Maka, hendaklah manusia itu memperhatikan makanannya. Sesungguhnya Kami telah mencurahkan air (dari langit) dengan berlimpah. Kemudian, Kami belah bumi dengan sebaik-baiknya. Lalu, Kami tumbuhkan padanya biji-bijian, anggur, sayur-sayuran, zaitun, pohon kurma, kebun-kebun (yang) rindang, buah-buahan, dan rerumputan. (Semua itu disediakan) untuk kesenanganmu dan hewan-hewan ternakmu. (QS. Abasa: 24-30)

3. Menanam berarti bersedekah

Gus Baha juga menyebutkan bahwa seseorang yang menanam tanaman lalu tumbuh besar dan berbuah, maka buah-buahannya yang dimakana oleh manusia lainnya, hewan atau binatang, itu bernilai sedekah.
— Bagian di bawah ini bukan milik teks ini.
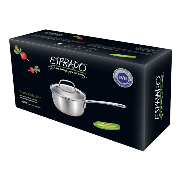 Ковш Esprado FRT16SE109 объемом 1,6 л выполнен из нержавеющей стали. Это прочный, устойчивый к механическим воздействиям и гигиеничный материал, не влияющий на вкус и аромат пищи и легко поддающийся очистке. Дно толщиной 3,6 мм обеспечивает равномерное распределение тепла и предотвращает пригорание продуктов. Крышка сделана из жаропрочного стекла и снабжена стальным ободком, благодаря которому плотно прилегает к стенкам. В ковше можно готовить на варочных панелях любых типов.

Dalam hal ini Gus Baha berdasarkan hadis:

عَنْ جَابِرٍ، قَالَ: قَالَ رَسُولُ اللهِ صَلَّى اللهُ عَلَيْهِ وَسَلَّمَ: «مَا مِنْ مُسْلِمٍ يَغْرِسُ غَرْسًا إِلَّا كَانَ مَا أُكِلَ مِنْهُ لَهُ صَدَقَةً، وَمَا سُرِقَ مِنْهُ لَهُ صَدَقَةٌ، وَمَا أَكَلَ السَّبُعُ مِنْهُ فَهُوَ لَهُ صَدَقَةٌ، وَمَا أَكَلَتِ الطَّيْرُ فَهُوَ لَهُ صَدَقَةٌ، وَلَا يَرْزَؤُهُ أَحَدٌ إِلَّا كَانَ لَهُ صَدَقَةٌ

“Jabir berkata bahwa Rasulullah Saw bersabda, Tidaklah seorang muslim menanam pohon kecuali buah yang dimakannya menjadi sedekah, yang dicuri menjadi sedekah, yang dimakan binatang buas adalah sedekah, yang dimakan burung adalah sedekah, dan tidak diambil seseorang kecuali menjadi sedekah” (HR. Muslim)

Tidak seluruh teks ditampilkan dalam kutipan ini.